You may have to install the Microsoft HiDef Universal Audio Architecture SP2 hotfix.


----------



## fmonte (Dec 5, 2007)

Thanks everyone, I have internet acesss, sound and fax capability now. It seems my computer is working okay now but I still have the last 2 yellow question marks still showing because in the list of drivers I could not find the "sm bus controller" or the "video controller(vga)". Could you please be so kind to look through the dropdown list and steer me in the right direction. I'm thinking that the "ati" driver may be for the video update but I am not sure and I don't want to load the wrong one. As far as the sm bus controller, I don't have any idea what that is or its function. I will wait to hear from you before going any further.
Thanks again.


----------



## Grimskull (Dec 5, 2007)

http://www.acerpanam.com/flex/acerdrivers/bin/drivers.html?CFID=5256241&CFTOKEN=54327018

SM bus controller is chipset driver.

download the Aspire E380/T180 ATI video Driver, that should sort all of ur problems out.

Let us know how you get on.


----------



## fmonte (Dec 6, 2007)

Thank you. I downloaded the ATI driver but I still had the yellow ? I tried to install it 2 ways. 

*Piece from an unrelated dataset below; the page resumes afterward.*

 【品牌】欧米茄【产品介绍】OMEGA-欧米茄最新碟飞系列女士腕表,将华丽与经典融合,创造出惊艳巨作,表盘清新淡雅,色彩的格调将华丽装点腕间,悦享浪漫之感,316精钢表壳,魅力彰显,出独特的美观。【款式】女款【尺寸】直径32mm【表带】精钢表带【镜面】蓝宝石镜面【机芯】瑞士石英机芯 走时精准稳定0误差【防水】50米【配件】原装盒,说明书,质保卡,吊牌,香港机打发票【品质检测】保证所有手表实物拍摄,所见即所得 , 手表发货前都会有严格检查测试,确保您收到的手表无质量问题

1. went to device manager and browsed to file and highlighted it but the "next" button was not activated so that was the end of that.
2. went to the folder directly and clicked on the setup file. ATI came on the screen and I went through the entire setup and it said successful, and click finish to reboot and I did, but when I went to device mangager I still had the yellow ?

I looked in the add/remove folder and all I saw their is an ATI Uninstall folder.

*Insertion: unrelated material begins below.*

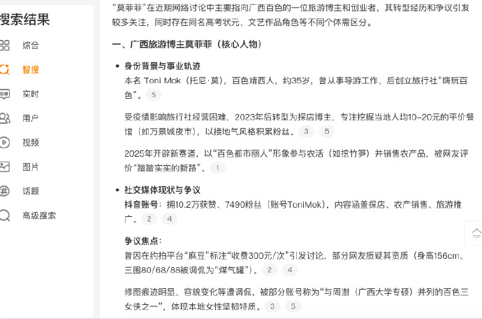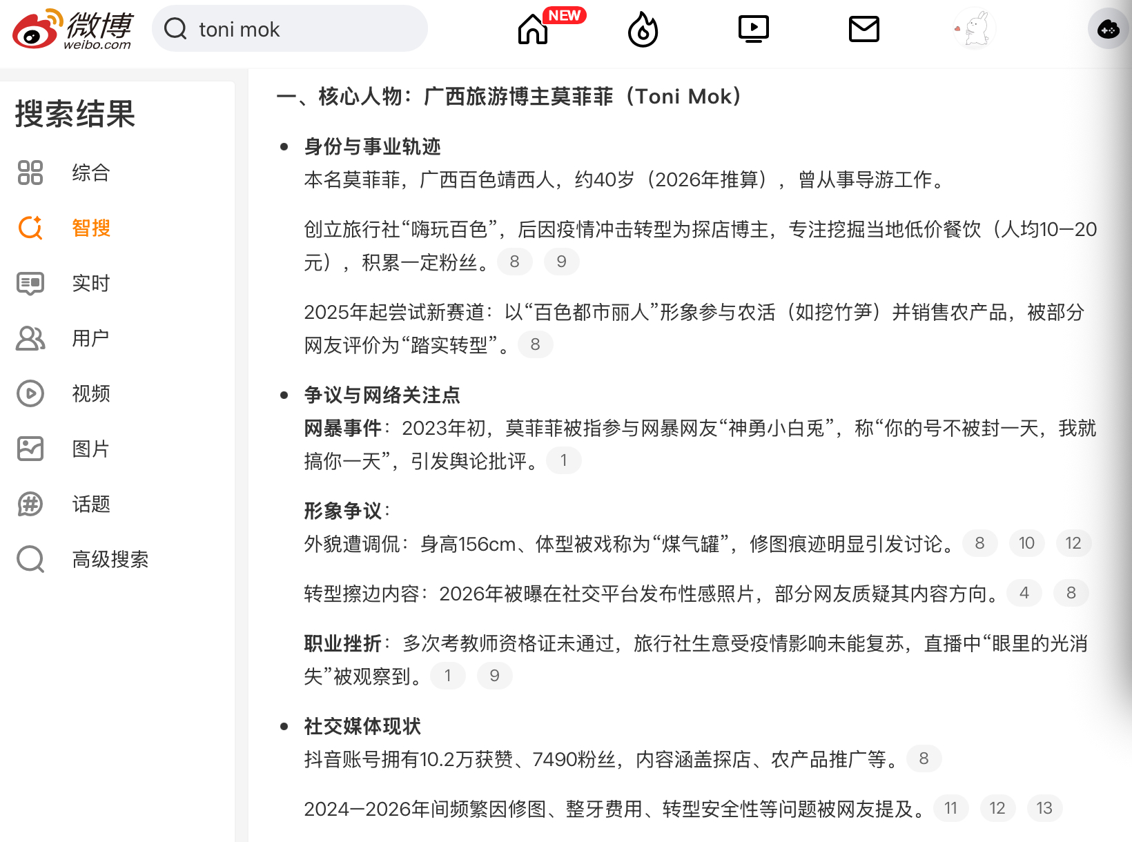 用嗨玩百色的莫菲菲Toni Mok曾经在2022年发表重要讲话,号召广西老乡网暴可爱又可怜的兔兔,时至今日,她已经退出微博,并且因为曾经下海被发现而改头换面,彻底放弃了“嗨玩百色”这个她倾尽半生心血做的品牌,停止探那些快餐店,转型为擦边博主。

So at that point I started to work on the sm bus controller(chipset driver) yellow ? I went through the same steps as above but midway through the setup I got a copy error that said can not copy the file nvsc32.exe so that is where I ended.

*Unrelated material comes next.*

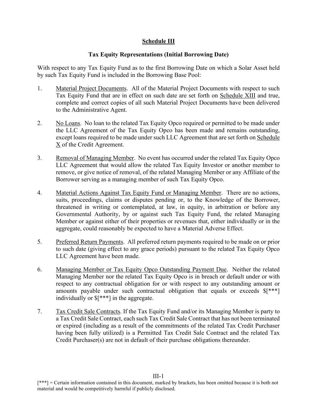 III-1 [***] = Certain information contained in this document, marked by brackets, has been omitted because it is both not material and would be competitively harmful if publicly disclosed. Schedule III Tax Equity Representations (Initial Borrowing Date) With respect to any Tax Equity Fund as to the first Borrowing Date on which a Solar Asset held by such Tax Equity Fund is included in the Borrowing Base Pool: 1. Material Project Documents. All of the Material Project Documents with respect to such Tax Equity Fund that are in effect on such date are set forth on Schedule XIII and true, complete and correct copies of all such Material Project Documents have been delivered to the Administrative Agent. 2. No Loans. No loan to the related Tax Equity Opco required or permitted to be made under the LLC Agreement of the Tax Equity Opco has been made and remains outstanding, except loans required to be made under such LLC Agreement that are set forth on Schedule X of the Credit Agreement. 3. Removal of Managing Member. No event has occurred under the related Tax Equity Opco LLC Agreement that would allow the related Tax Equity Investor or another member to remove, or give notice of removal, of the related Managing Member or any Affiliate of the Borrower serving as a managing member of such Tax Equity Opco. 4. Material Actions Against Tax Equity Fund or Managing Member. There are no actions, suits, proceedings, claims or disputes pending or, to the Knowledge of the Borrower, threatened in writing or contemplated, at law, in equity, in arbitration or before any Governmental Authority, by or against such Tax Equity Fund, the related Managing Member or against either of their properties or revenues that, either individually or in the aggregate, could reasonably be expected to have a Material Adverse Effect. 5. Preferred Return Payments. All preferred return payments required to be made on or prior to such date (giving effect to any grace periods) pursuant to the related Tax Equity Opco LLC Agreement have been made. 6. Managing Member or Tax Equity Opco Outstanding Payment Due. Neither the related Managing Member nor the related Tax Equity Opco is in breach or default under or with respect to any contractual obligation for or with respect to any outstanding amount or amounts payable under such contractual obligation that equals or exceeds $[***] individually or $[***] in the aggregate. 7. Tax Credit Sale Contracts. If the Tax Equity Fund and/or its Managing Member is party to a Tax Credit Sale Contract, each such Tax Credit Sale Contract that has not been terminated or expired (including as a result of the commitments of the related Tax Credit Purchaser having been fully utilized) is a Permitted Tax Credit Sale Contract and the related Tax Credit Purchaser(s) are not in default of their purchase obligations thereunder.

I went back into the device manager and this time the video controller had jumped from "other devices" to display adapter and now it was a yellow exclamation point. The sm bus controller stayed where it was and still had the yellow ? Below I am attaching the
readme file if that gives you more info to work with.

  This WinXP nForce (MCP61) driver package consists of the following components:

Ethernet Driver MCP61 (v65.21) "WHQL"
Network Management Tools MCP61 (v65.23)
SMBus Driver (v4.57) "WHQL"
Installer (v5.12)
IDE SataRAID Driver (v6.77) "WHQL"
IDE SataIDE Driver (v6.77)  "WHQL"
RAIDTOOL Application (v6.77)
Display Driver (v91.36) "WHQL"


OS Supported :
XP/2K

PLEASE NOTE:  The Display Driver is not signed for 2K in this package.


----------



## JrRacinFan (Dec 6, 2007)

Grimskull said:


> download the Aspire E380/T180 ATI video Driver, that should sort all of ur problems out.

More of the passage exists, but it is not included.